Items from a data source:

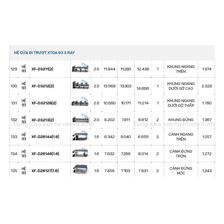 HỆ CỬA ĐI TRƯỢT XTDA 93 3 RAY
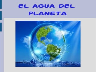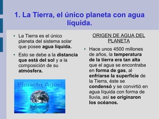 La Tierra es el único planeta en el sistema solar que tiene agua líquida, debido a su distancia al sol y composición atmosférica. El agua se originó hace 4500 millones de años cuando la superficie se enfrió y el vapor de agua se condensó para formar océanos. La mayoría del agua de la Tierra está en los océanos, que son salados con una salinidad media de 35 gramos por litro compuesta principalmente de cloruro de sodio. El agua se mueve continuamente a través del ciclo del agua entre los
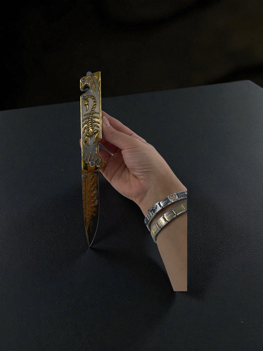 Altın Renk Akrep Desenli Katlanır Çakı
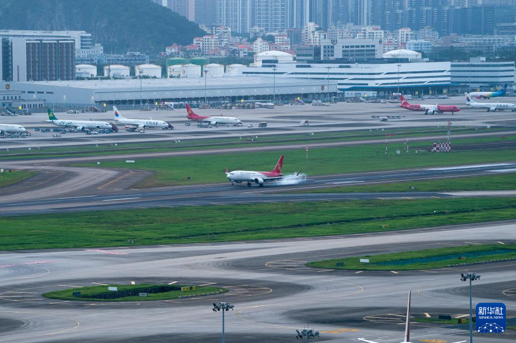 8月26日,深圳航空的飞机在深圳机场三跑道进行验证飞行。 8月26日6时20分,一架深航波音飞机在完成一系列验证科目后,稳稳落地,标志着深圳机场三跑道真机试飞工作圆满完成,为后续项目行业验收以及年内投用奠定了基础。 新华社发(董思文 摄)
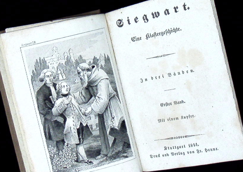MILLER, Johann Martin: Siegwart. Eine Klostergeschichte. 3 Bände in 1 Bd. Stuttgart (Henne), 1844. 12°. 255, 239, 236 S. mit 3 Kupferfrontispizes. neuer Ln. = Lieblingsbibliothek aus der Zeit des Siegwart, Hasper a Spada, Rinaldo. Hrsg. von Otto von Friedhelm. letzte Ausgabe. Vergl. Hayn Gotendorf VII/306
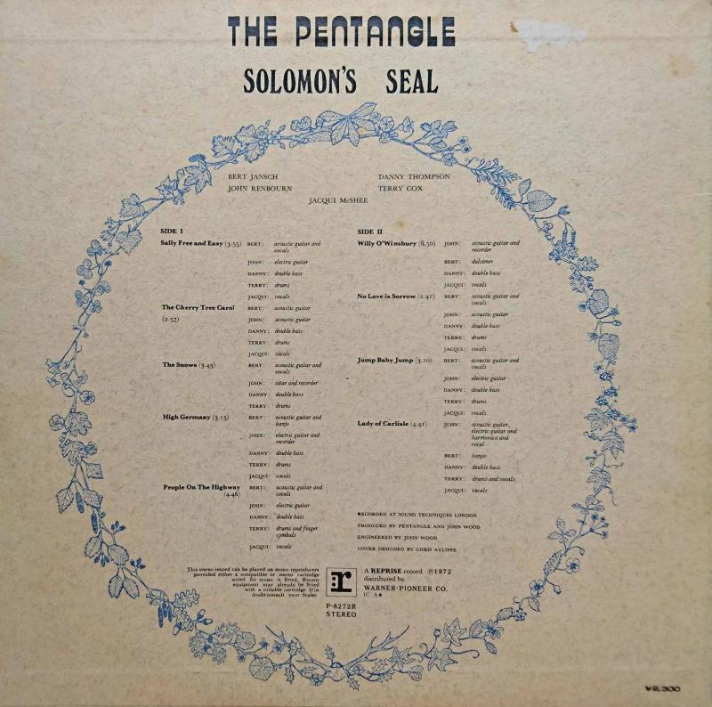 ブリティッシュ・トラッドなどを題材とし唯一無二のサウンドを作り上げたバンド:ペンタングルの6作目。メンバーは、ジャッキー・マクシー(vo)、バート・ヤンシュ(g,bj,dulcimer,vo)、ジョン・レンボーン(g,sitar,recorder,hca,vo)、ダニー・トンプソン(b)、テリー・コックス(ds,perc,vo)の5人。全9曲のうち4曲がトラッド、4曲がオリジナル、残り1曲はトラッド的な曲を作るシリル・トーニーのカヴァーとなっている。前作ではアメリカン・フォーク・ロック的な面を見せたが、本作では全面的にブリティッシュ・トラッド的となっている。初期の様なジャズ・イディオムの音を聞かせながらも、リコーダーやダルシマーを使った「Willy O Winsbury(ウィンズベリーのウィリー)」などでは土着性を感じさせる。方向性の違う5人が葛藤しながらたどり着いた結論として、本作は記憶される事になった。この後解散した彼らは、それぞれの道を歩むことになる。アルバム邦題『ソロモンの封印』

→ **What is being asked**: Transcribe all of the data above verbatim but omit every picture.

→ **Output for this task**:
 HỆ CỬA ĐI TRƯỢT XTDA 93 3 RAY
 La Tierra es el único planeta en el sistema solar que tiene agua líquida, debido a su distancia al sol y composición atmosférica. El agua se originó hace 4500 millones de años cuando la superficie se enfrió y el vapor de agua se condensó para formar océanos. La mayoría del agua de la Tierra está en los océanos, que son salados con una salinidad media de 35 gramos por litro compuesta principalmente de cloruro de sodio. El agua se mueve continuamente a través del ciclo del agua entre los
 Altın Renk Akrep Desenli Katlanır Çakı
 8月26日,深圳航空的飞机在深圳机场三跑道进行验证飞行。 8月26日6时20分,一架深航波音飞机在完成一系列验证科目后,稳稳落地,标志着深圳机场三跑道真机试飞工作圆满完成,为后续项目行业验收以及年内投用奠定了基础。 新华社发(董思文 摄)
MILLER, Johann Martin: Siegwart. Eine Klostergeschichte. 3 Bände in 1 Bd. Stuttgart (Henne), 1844. 12°. 255, 239, 236 S. mit 3 Kupferfrontispizes. neuer Ln. = Lieblingsbibliothek aus der Zeit des Siegwart, Hasper a Spada, Rinaldo. Hrsg. von Otto von Friedhelm. letzte Ausgabe. Vergl. Hayn Gotendorf VII/306
 ブリティッシュ・トラッドなどを題材とし唯一無二のサウンドを作り上げたバンド:ペンタングルの6作目。メンバーは、ジャッキー・マクシー(vo)、バート・ヤンシュ(g,bj,dulcimer,vo)、ジョン・レンボーン(g,sitar,recorder,hca,vo)、ダニー・トンプソン(b)、テリー・コックス(ds,perc,vo)の5人。全9曲のうち4曲がトラッド、4曲がオリジナル、残り1曲はトラッド的な曲を作るシリル・トーニーのカヴァーとなっている。前作ではアメリカン・フォーク・ロック的な面を見せたが、本作では全面的にブリティッシュ・トラッド的となっている。初期の様なジャズ・イディオムの音を聞かせながらも、リコーダーやダルシマーを使った「Willy O Winsbury(ウィンズベリーのウィリー)」などでは土着性を感じさせる。方向性の違う5人が葛藤しながらたどり着いた結論として、本作は記憶される事になった。この後解散した彼らは、それぞれの道を歩むことになる。アルバム邦題『ソロモンの封印』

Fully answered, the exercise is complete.